EXERCISE INSTRUCTIONS:
Pictures in the material below are to be left out, and only the lines from the line with "[뉴스서울] 서산시의회 김맹호" up to and including the line with "顶层空间搭建阳光房,打造茶室" are to be written out exactly.

INPUT RECORDS:
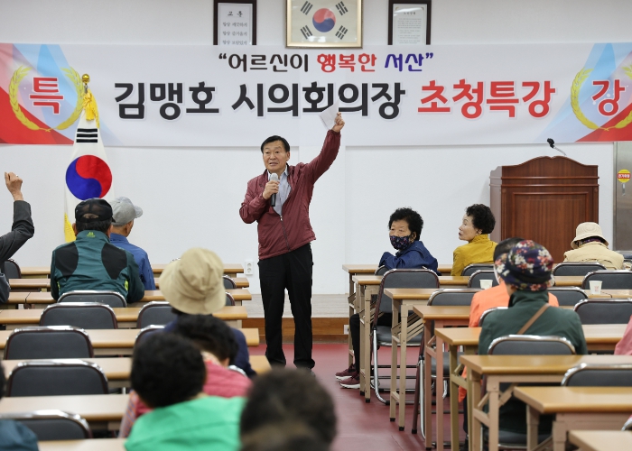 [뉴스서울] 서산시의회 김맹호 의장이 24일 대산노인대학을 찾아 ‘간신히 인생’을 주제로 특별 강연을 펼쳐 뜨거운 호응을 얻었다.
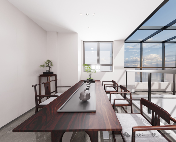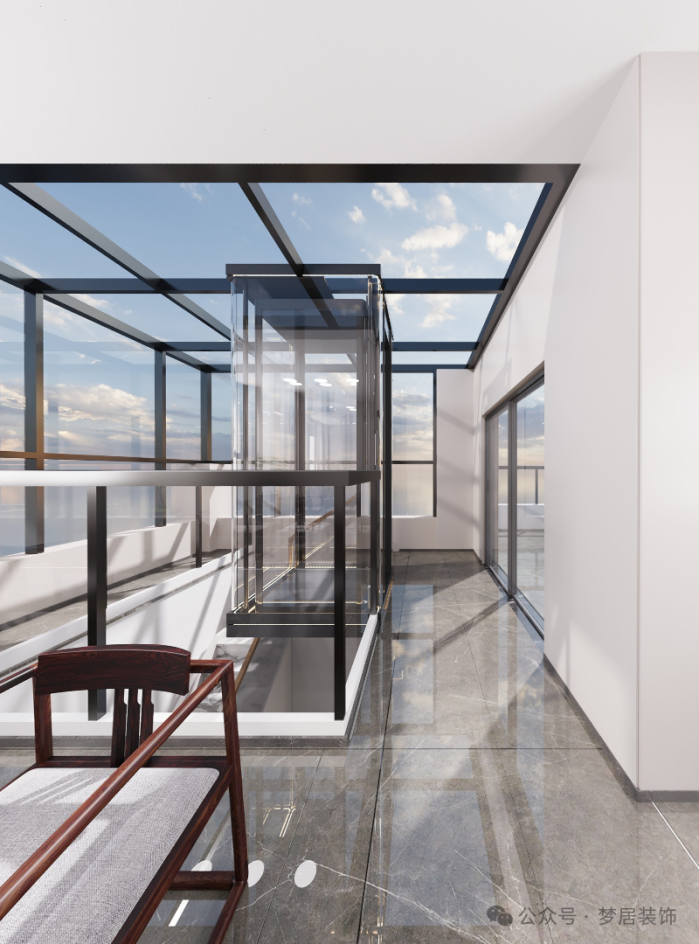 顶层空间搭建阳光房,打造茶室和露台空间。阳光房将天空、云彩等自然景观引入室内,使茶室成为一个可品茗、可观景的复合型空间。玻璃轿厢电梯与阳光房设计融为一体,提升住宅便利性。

--

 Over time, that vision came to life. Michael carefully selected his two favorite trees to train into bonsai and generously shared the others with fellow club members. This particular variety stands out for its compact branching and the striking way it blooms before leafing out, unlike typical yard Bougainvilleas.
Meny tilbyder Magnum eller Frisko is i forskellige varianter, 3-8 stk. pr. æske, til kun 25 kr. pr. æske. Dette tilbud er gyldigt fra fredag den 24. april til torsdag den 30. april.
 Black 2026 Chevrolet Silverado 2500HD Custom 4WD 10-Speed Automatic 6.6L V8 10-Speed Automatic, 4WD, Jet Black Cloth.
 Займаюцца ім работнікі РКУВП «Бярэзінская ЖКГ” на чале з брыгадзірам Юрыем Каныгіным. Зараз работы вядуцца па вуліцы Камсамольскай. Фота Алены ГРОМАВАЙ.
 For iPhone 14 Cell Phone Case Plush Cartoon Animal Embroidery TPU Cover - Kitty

WRITTEN SOLUTION:
 [뉴스서울] 서산시의회 김맹호 의장이 24일 대산노인대학을 찾아 ‘간신히 인생’을 주제로 특별 강연을 펼쳐 뜨거운 호응을 얻었다.
 顶层空间搭建阳光房,打造茶室和露台空间。阳光房将天空、云彩等自然景观引入室内,使茶室成为一个可品茗、可观景的复合型空间。玻璃轿厢电梯与阳光房设计融为一体,提升住宅便利性。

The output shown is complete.